3. Elimination of a ninth track, and a reduction in formal conflicts in the final agenda compared to previous online meetings.

There was no ninth track. The scheduling tool, which has not remained completely stable over time, tracks several different types of conflicts based on information provided in session requests.

IETF Meeting Chair Conflicts Area Director Conflicts Key Participant Conflicts Technology Overlaps
108 0 1 1 0
109 0 3 2 0
110 0 6 2 3
111 2 2 2 0
112 2 1 0 0

Other efforts to reduce conflicts over this time, including a variable number of session requests, further complicate any conclusion. Nevertheless, the IESG concludes that the plenary experiment did coincide with fewer conflicts reported by the software.

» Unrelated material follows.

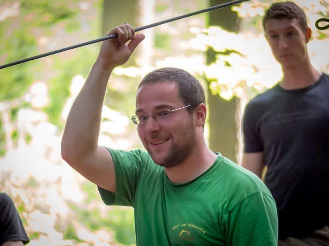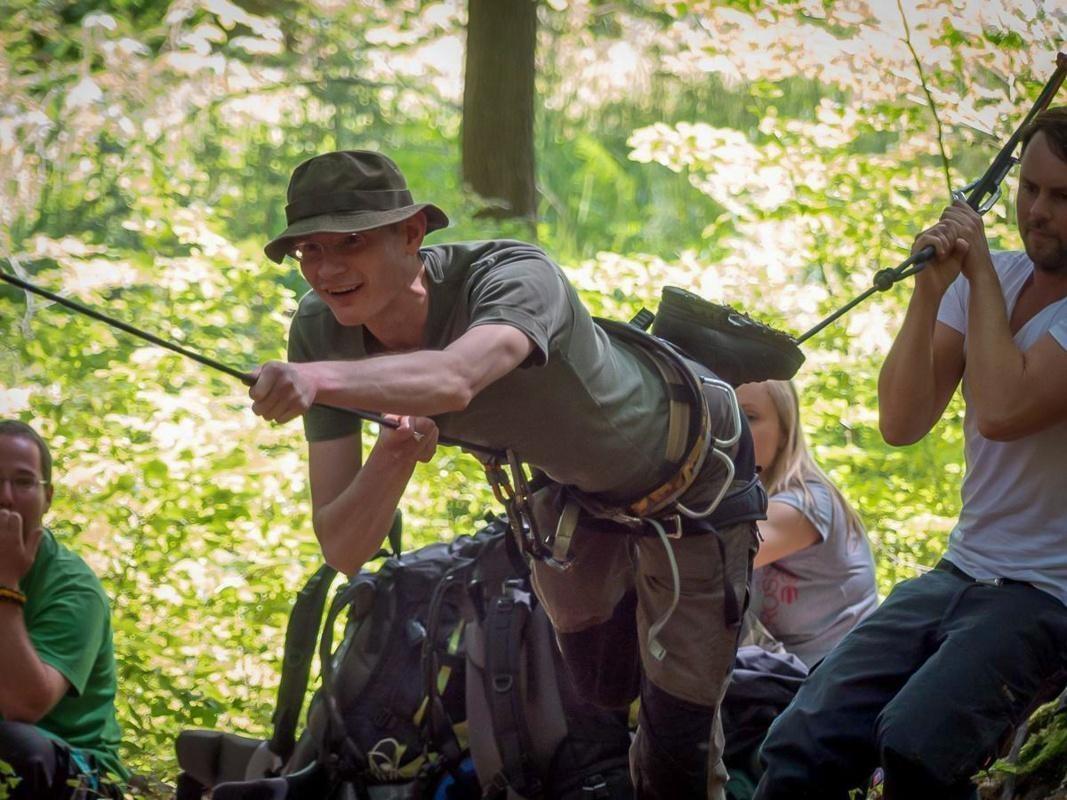Teilnehmer überquert selbstgebaute Seilbrücke zwischen zwei Bäumen

4. Little or no reduction in plenary attendance (< 15%) compared to other online plenaries in European time zones (i.e. IETF 108 and 110) 

There were 299 attendees at the IETF 112 plenary, a drop in absolute terms of 23% from IETF 110 and 32% from 108. In relative terms to the number of attendees:

Proportion of Meeting Attendees at Plenary

The IESG concludes that the experiment did have a significant negative impact on plenary attendance, although future attempts might reduce the extent that participants are surprised by the change and unintentionally miss the plenary.

5. The subjective experience of the IESG and Secretariat in attempting to minimize conflicts during IETF 112.

Several members of the IESG expressed that the IETF 112 scheduling process was considerably easier and required fewer tradeoffs. Some Area Directors think that this is mostly due not to the experiment, but instead because of soft limitations on session requests instituted before IETF 112.


The IESG’s consensus is that the plenary experiment did coincide with a reduction in scheduling conflicts, and most IESG members believe the experiment was an important cause. However, we also believe that the attendance drop at the IETF 112 plenary was unacceptable, although it might not be a permanent feature of this innovation.

We do not believe that the experiment results justify changing standard procedure for fully remote meetings, though we may conduct further experiments to reduce the disparity in attendance.

Regardless of this experiment outcome, the IESG fully intends for hybrid meetings, including IETF 113, to hold plenaries during the meeting week.


Thanks to Liz Flynn, Amy Vezza, and Jay Daley for helping to collect the data.